Sailing is a fantastic way to reach hard-to-reach spots, work on your cardio while gliding through sparkling blue waters.

3.75 million Americans flexed their sailing skills in 2018 and you want to join in and learn how to sail.

Sound familiar? If so, you’ve come to the right place because we are going to talk about what you need to know as a beginner mariner.

Keep reading to find out all of the things you need to understand before going out on the water.

The Different Types of Sailing Boats

Before you learn how to sail a boat, it’s important to know what you’re working with.

Sloop

This is the most common type of sailboat. It’s distinguishable by the single mast rigged with a jib, perfect for sailing upwind.

Cutters

These sailboats have one mast with two sails at the front and back. They’re easy to steer and great for a small group of people.

Keelboat

One of our top sailing tips for beginners is using a keelboat as they are smaller and more responsive. Keelboats will help you learn the dynamics of sailing as you can feel the forces of wind and water upon the boat, two crucial elements of sailing.

Everything You’ll Need to Sail

An important part of this sailing guide is to come prepared. Alongside the safety equipment and navigation gear, you’ll need:

  • A grippy pair of deck shoes
  • Heavy-duty sailing gloves
  • Polarized sunglasses
  • A windbreaker

You should also bring along a notebook so you can jot down useful information during each sailing class.

Important Sail Terms to Know

Every sailing for beginners class not only covers the basics of sailing but common jargon.

Port and Starboard

Port is anything to the left of the boat when you’re facing forward. You can use this term whenever you want to normally say “left”.

Starboard is the same principle except for the right-hand side.

Bow and Stern

The bow is the front of the boat and the stern is the back. We consider anything nearer the bow “forward”, whereas anything at the back is “astern”.

Boom

The boom is a heavy bar at the foot of the mainsail which swings across the boat whenever you tack or gybe. Be careful because if it knocks you, it can send you overboard.
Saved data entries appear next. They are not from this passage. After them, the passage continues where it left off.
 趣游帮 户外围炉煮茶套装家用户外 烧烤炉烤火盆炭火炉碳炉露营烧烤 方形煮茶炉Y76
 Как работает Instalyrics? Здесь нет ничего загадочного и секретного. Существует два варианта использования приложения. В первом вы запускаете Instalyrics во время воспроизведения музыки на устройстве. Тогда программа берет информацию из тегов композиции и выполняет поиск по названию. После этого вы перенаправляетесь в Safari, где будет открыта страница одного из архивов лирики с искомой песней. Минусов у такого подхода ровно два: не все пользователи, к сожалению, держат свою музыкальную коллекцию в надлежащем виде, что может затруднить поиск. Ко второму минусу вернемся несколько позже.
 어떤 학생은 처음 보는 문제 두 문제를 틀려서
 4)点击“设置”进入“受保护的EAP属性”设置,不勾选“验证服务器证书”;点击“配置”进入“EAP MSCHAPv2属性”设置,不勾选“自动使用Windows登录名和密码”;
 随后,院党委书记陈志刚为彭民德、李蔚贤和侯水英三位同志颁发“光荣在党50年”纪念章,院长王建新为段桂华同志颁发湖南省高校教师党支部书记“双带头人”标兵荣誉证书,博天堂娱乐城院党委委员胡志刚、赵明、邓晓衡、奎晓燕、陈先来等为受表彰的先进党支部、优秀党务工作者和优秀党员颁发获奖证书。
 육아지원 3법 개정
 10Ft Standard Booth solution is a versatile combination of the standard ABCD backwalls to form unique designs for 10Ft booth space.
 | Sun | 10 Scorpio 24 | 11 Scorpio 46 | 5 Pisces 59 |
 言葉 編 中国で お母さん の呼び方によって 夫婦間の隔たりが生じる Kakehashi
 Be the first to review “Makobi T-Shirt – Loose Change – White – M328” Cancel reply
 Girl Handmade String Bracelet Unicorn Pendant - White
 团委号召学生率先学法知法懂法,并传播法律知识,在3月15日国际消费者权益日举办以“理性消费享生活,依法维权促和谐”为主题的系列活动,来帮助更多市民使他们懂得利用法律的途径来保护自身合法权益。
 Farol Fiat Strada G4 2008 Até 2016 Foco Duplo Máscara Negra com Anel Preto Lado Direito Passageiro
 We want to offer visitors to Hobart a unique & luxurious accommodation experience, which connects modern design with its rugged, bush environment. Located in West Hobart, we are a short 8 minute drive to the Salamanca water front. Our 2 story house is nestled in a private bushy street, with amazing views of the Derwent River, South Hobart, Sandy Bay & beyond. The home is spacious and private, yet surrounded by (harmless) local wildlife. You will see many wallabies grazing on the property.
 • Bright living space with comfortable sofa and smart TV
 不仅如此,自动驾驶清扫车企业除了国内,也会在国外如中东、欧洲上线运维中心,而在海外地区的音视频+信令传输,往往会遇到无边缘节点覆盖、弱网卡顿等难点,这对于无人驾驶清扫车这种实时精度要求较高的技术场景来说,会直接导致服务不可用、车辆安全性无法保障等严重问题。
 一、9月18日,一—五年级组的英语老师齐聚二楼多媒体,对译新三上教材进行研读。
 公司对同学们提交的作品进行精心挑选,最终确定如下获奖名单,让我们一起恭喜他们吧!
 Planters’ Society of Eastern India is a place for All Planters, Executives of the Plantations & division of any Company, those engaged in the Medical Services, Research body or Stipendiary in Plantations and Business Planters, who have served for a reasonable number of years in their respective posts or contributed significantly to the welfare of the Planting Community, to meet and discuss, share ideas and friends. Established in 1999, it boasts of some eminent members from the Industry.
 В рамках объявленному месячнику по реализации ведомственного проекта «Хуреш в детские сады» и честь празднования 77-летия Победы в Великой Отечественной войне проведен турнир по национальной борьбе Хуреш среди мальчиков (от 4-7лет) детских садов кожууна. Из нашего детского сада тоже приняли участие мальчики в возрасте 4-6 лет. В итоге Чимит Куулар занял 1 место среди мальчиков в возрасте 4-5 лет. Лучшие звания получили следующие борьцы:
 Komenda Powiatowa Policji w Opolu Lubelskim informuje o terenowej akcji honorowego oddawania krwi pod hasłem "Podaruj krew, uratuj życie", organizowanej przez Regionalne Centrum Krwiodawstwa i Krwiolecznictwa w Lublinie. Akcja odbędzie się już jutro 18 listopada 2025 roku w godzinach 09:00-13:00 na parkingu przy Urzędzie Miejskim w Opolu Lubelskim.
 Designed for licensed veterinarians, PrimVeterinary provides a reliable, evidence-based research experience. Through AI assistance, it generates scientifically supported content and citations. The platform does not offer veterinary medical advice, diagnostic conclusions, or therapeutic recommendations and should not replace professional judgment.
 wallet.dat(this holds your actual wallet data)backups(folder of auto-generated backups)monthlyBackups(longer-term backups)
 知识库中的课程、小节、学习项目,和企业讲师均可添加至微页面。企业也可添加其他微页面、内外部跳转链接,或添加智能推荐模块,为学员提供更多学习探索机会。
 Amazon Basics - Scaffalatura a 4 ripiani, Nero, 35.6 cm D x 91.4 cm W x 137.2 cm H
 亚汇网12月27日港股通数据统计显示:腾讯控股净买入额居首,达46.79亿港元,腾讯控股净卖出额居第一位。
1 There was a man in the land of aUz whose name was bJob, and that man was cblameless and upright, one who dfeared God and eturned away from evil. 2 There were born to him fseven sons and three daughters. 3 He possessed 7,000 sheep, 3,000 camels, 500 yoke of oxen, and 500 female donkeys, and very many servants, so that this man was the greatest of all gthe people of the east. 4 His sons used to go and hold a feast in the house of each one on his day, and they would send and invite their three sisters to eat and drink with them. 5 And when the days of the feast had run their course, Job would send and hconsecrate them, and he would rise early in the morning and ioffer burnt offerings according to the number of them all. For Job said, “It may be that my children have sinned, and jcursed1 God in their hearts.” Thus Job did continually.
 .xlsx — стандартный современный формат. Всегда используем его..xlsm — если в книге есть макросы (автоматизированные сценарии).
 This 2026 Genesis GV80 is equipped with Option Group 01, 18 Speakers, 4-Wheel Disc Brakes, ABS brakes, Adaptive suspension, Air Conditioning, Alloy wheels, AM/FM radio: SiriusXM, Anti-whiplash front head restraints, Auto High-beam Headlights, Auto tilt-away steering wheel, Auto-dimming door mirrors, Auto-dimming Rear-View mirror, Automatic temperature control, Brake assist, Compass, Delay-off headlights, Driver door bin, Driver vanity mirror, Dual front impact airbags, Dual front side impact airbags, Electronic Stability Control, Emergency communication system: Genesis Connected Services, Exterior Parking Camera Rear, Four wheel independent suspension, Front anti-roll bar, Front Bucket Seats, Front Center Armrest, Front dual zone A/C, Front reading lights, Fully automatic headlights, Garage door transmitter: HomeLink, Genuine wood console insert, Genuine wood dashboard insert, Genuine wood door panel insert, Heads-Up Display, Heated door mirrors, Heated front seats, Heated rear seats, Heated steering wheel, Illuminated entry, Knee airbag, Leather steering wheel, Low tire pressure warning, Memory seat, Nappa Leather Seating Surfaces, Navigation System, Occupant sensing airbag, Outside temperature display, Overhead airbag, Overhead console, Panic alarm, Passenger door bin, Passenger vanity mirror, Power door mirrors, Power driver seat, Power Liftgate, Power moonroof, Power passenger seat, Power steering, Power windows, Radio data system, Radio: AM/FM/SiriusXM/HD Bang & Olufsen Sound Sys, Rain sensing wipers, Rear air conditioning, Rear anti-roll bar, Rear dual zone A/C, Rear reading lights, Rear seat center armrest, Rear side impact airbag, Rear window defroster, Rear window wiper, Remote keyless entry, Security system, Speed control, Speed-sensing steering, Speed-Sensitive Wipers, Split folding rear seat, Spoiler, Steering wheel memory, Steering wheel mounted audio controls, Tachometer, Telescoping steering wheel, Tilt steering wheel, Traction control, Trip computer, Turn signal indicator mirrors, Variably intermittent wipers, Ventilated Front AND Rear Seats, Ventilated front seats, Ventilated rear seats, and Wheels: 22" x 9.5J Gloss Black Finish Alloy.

Always pay attention and if anyone mentions tacking or gybing, stay in the cockpit to be safe.

Learn to Tie Off a Line

Beginners should learn how to attach a line to a cleat. Start by wrapping the line around both horns but avoid doing it several times otherwise it’ll jam.

Once you’ve mastered the basics, why not step it up a notch and go cruising?

You can even see how professionals do it on an extravagant cruise led by experts! After all, luxury awaits you on our southern Caribbean cruise and you’ll have an experience you won’t forget.

Time to Practice How to Sail

Even though it seems daunting, it’s easy to learn how to sail. Make sure you have a reputable teacher, good weather, and the right equipment so you’re comfortable when you learn.

Familiarize yourself with basic terms and boats so you know what to expect. And when you’re comfortable at sea, why not indulge in an unforgettable Caribbean cruise? Happy sailing!